Next, we conducted a searchlight analysis to reveal similarity structures in locally constrained fMRI activity patterns. For each voxel v in the brain, we extracted fMRI patterns in its local vicinity (a 4-voxel radius) and calculated condition-wise dissimilarity (1 − Pearson’s R), resulting in an 80 × 80 fMRI representational dissimilarity matrix (fMRI RDM). Repeating this analysis voxelwise across the whole brain yielded 40122 RDMs.

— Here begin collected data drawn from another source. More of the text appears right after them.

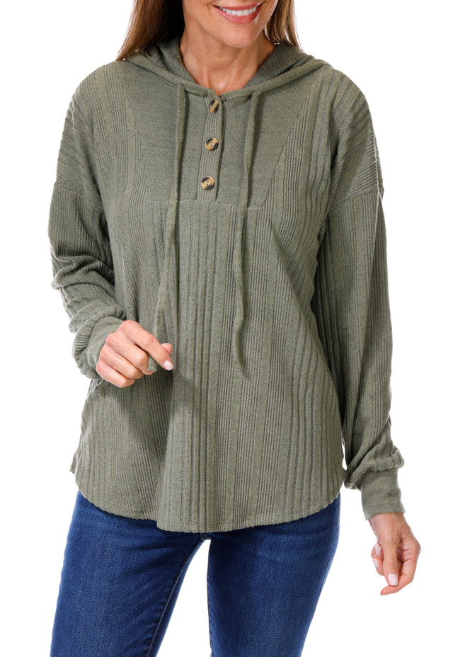 Women's Solid Hacci Hooded Top Bealls
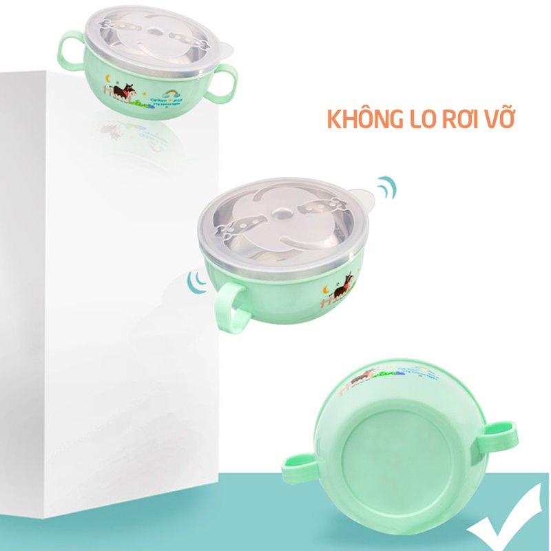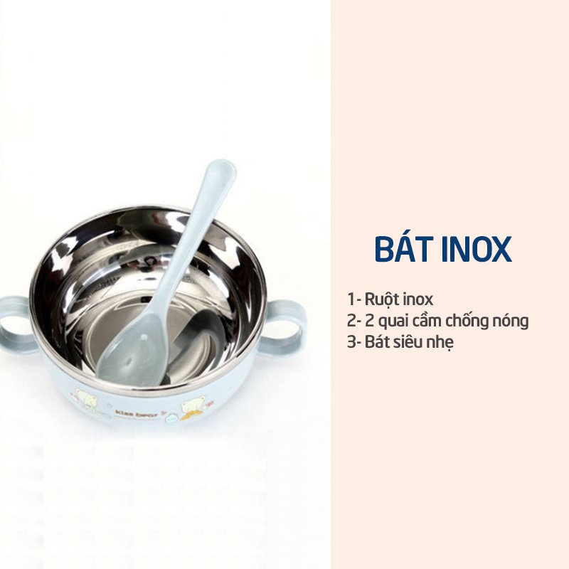 – Bát ăn dặm inox có quai cách nhiệt giúp giữ và di chuyển an toàn
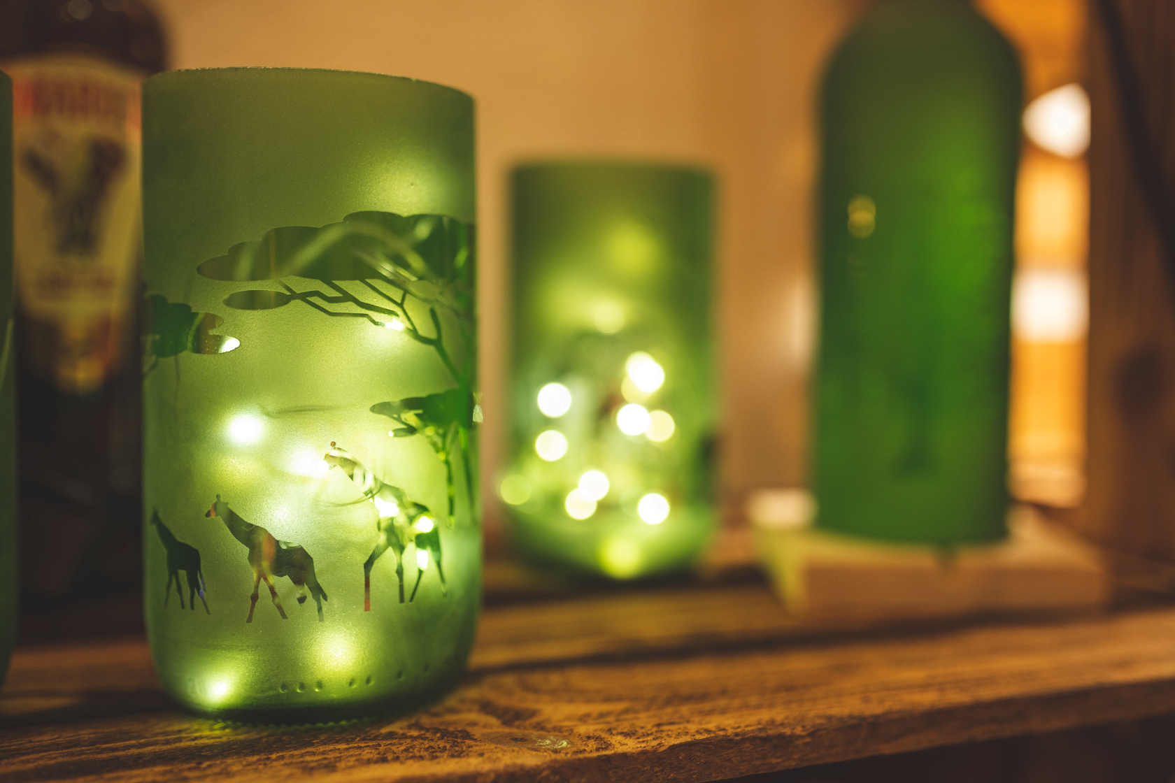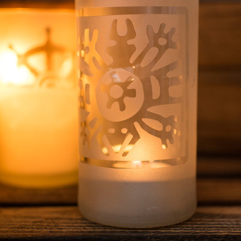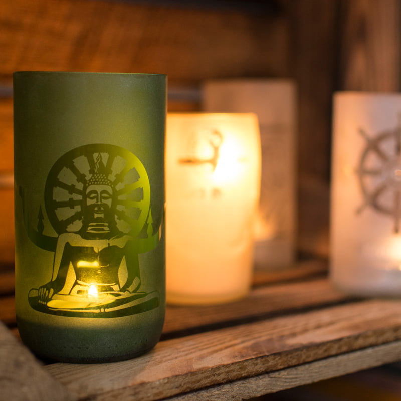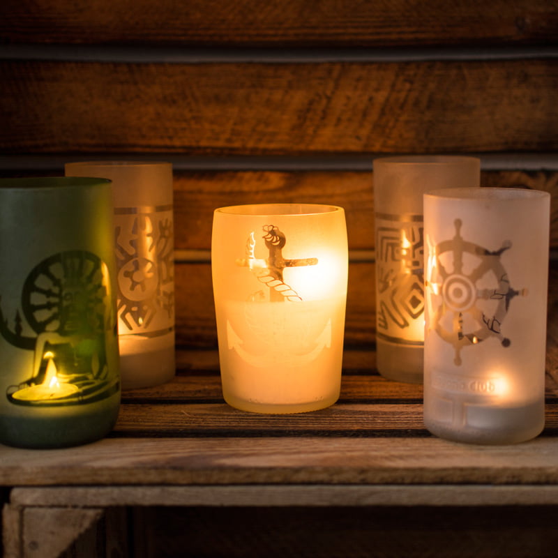 Handgefertigt aus recycelten Glasflaschen sind diese Windlichter ein echter Blickfang.Den Flaschen wird fachgerecht der Hals entfernt, die Kanten geschliffen und mit einem Motiv deiner Wahl versehen.
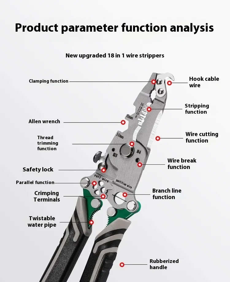 The 18-in-1 Multifunctional Folding Pliers are a versatile multi-tool built to handle a wide range of everyday tasks with ease. At its core, it functions as a strong, reliable pair of pliers, while folding out to reveal multiple integrated tools that support cutting, tightening, shaping, and basic repairs.
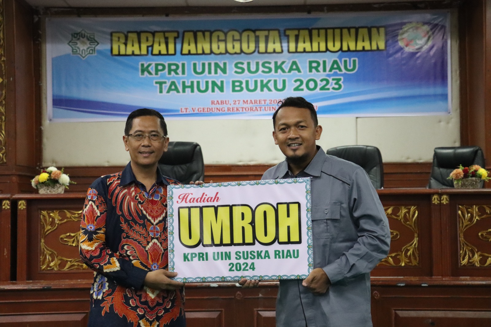 uin-suska.ac.id Koperasi Pegawai Republik Indonesia (KPRI) UIN Suska Riau kembali melaksanakan Rapat Anggota Tahunan (RAT) pada Rabu, 27 Maret 2024. Acara ini berlangsung di ruang Auditorium lantai V Gedung Rektorat, menjadi agenda wajib yang rutin dilaksanakan setiap tahun oleh KPRI UIN Suska Riau. Salah satu momen puncak dalam kegiatan ini adalah pembagian hadiah kepada anggota, di mana hadiah utamanya adalah pemberangkatan umroh ke Tanah Suci Mekah, khususnya untuk para Pegawai Negeri Sipil (PNS) di lingkungan UIN Suska Riau.
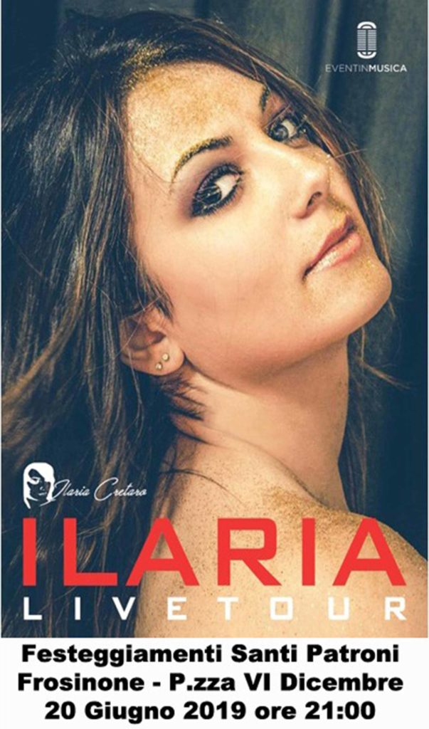 Ilaria Cretaro in concerto domani, alle ore 21, in piazza VI dicembre a Frosinone, in occasione dei festeggiamenti dei Santi Patroni di Frosinone, San Silverio e Sant’Ormisda.
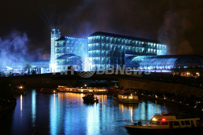 【ベルリン/ドイツ 27日 AFP】06サッカーW杯の開催を目前に控えた26日、ベルリン中央駅(Hauptbahnhof)が開業した。欧州最大となるこの新駅の建設は、東西ドイツ統一直後に計画が開始され、11年前からシュプレー(Spree)川と官庁街の地下を通る全長3.6キロメートルのトンネル工事に着工、8年前から本格的な建設工事が開始されていた。写真はシュプレー川沿いで開催された完成記念式典で、ベルリン中央駅の上空に打ち上げられた花火。(c)AFP/JOHANNES EISELE
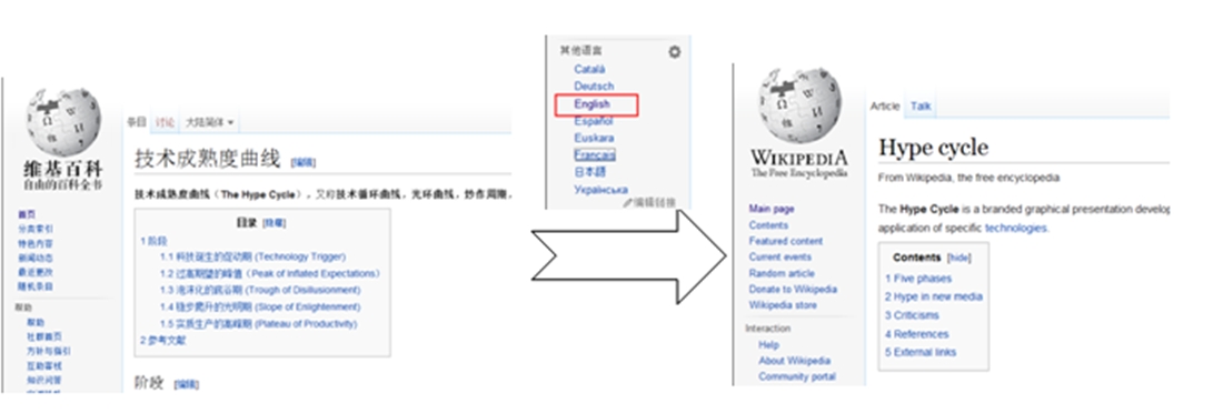 有些关键词术语,中文和英文的差异比较大,譬如“验证码”对应的英文关键词是“Completely Automated Public Turing test to tell Computers and Humans Apart”,“技术成熟度曲线”对应的英文关键词是“Hype Cycle”。如果按照字面翻译去搜索,很有可能得不到任何信息。为了得到正确的翻译术语,可以使用的工具有CNKI翻译工具,中文文献的英文摘要和Wiki语言切换。有时wiki中文会被墙掉,但是wiki其他版本并不会,你懂的!
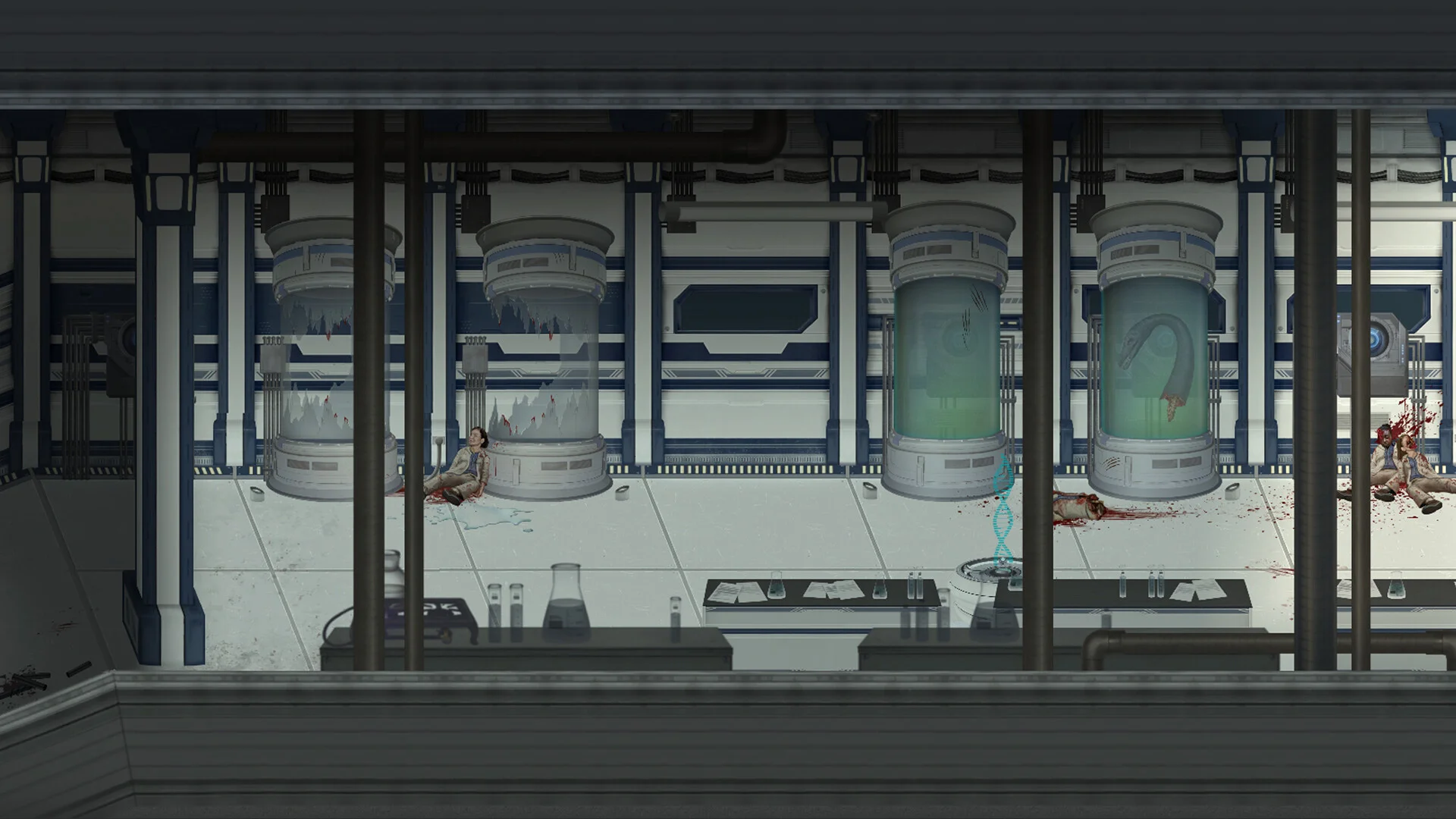 探索の舞台は多岐にわたり、血塗られた研究施設の暖炉の部屋から、純白の培養槽が並ぶ近未来的な実験室、そして赤く染まる荒野まで、様々な環境が用意されています。グラップリングフックを使った移動や、暗視モードでの倉庫探索など、多彩なアクション要素も盛り込まれています。

Representational Similarity Analysis and MEG–fMRI Searchlight/ROI Fusion

To relate neuronal temporal dynamics with their spatial loci, we used representational similarity analysis (Kriegeskorte et al., 2008; Kriegeskorte and Kievit, 2013; Cichy et al., 2014, 2016b) to link MEG and fMRI signal patterns. The basic idea is that if two sounds are similarly represented in MEG patterns, they should also be similarly represented in fMRI patterns. Our overall approach was to index pairwise (dis)similarity between sounds via SVM decoding accuracy for MEG (Guggenmos et al. 2018); Pearson correlation distance for fMRI (Kriegeskorte and Kievit 2013; Cichy and Oliva 2020); euclidean distance for acoustic models (Ogg et al., 2020; Sainburg et al., 2020); assigned binary membership for categorical selectivity; and between-minus-within item averages for subcategories. Correspondence between fMRI, MEG, or model representational dissimilarity matrices (RDMs) is then assessed by Spearman rank-order correlation:

ρSpear=rR(X),R(Y) (2)

where ρ is the Spearman correlation, r is the Pearson correlation coefficient, and R(X) and R(Y) are the respective rank-transformed values in the RDMs being compared. In representational (dis)similarity space, MEG and fMRI patterns thus become directly comparable; correlating them yields a spatiotemporally resolved map of neural representations, depictable as a series of spatial maps over time or, equivalently, a series of time courses over anatomical regions (see Fig. 1A for illustration).

To compute whole-brain MEG-fMRI fusion maps, for each time-specific group-averaged MEG RDM, we calculated the similarity (Spearman’s ρ) to each subject-specific fMRI searchlight’s fMRI RDM, yielding a 3-D map of MEG–fMRI fusion correlations. Repeating this procedure across the whole brain for each millisecond yielded a MEG–fMRI correspondence “movie” indexing spatiotemporal neural dynamics of cortical auditory responses (see Movie S1).

To compute MEG-fMRI fusion time courses for ROIs, we extracted voxel responses within each ROI and computed the condition-specific pairwise Pearson distances to create a single fMRI ROI RDM per subject. Next, we averaged ROI RDMs over subjects and then computed Spearman’s ρ correlations between each group-averaged ROI RDM and subject-specific whole-brain MEG RDMs over time to yield fMRI-MEG fusion time courses for each ROI per subject. Final time courses were computed by averaging across subjects.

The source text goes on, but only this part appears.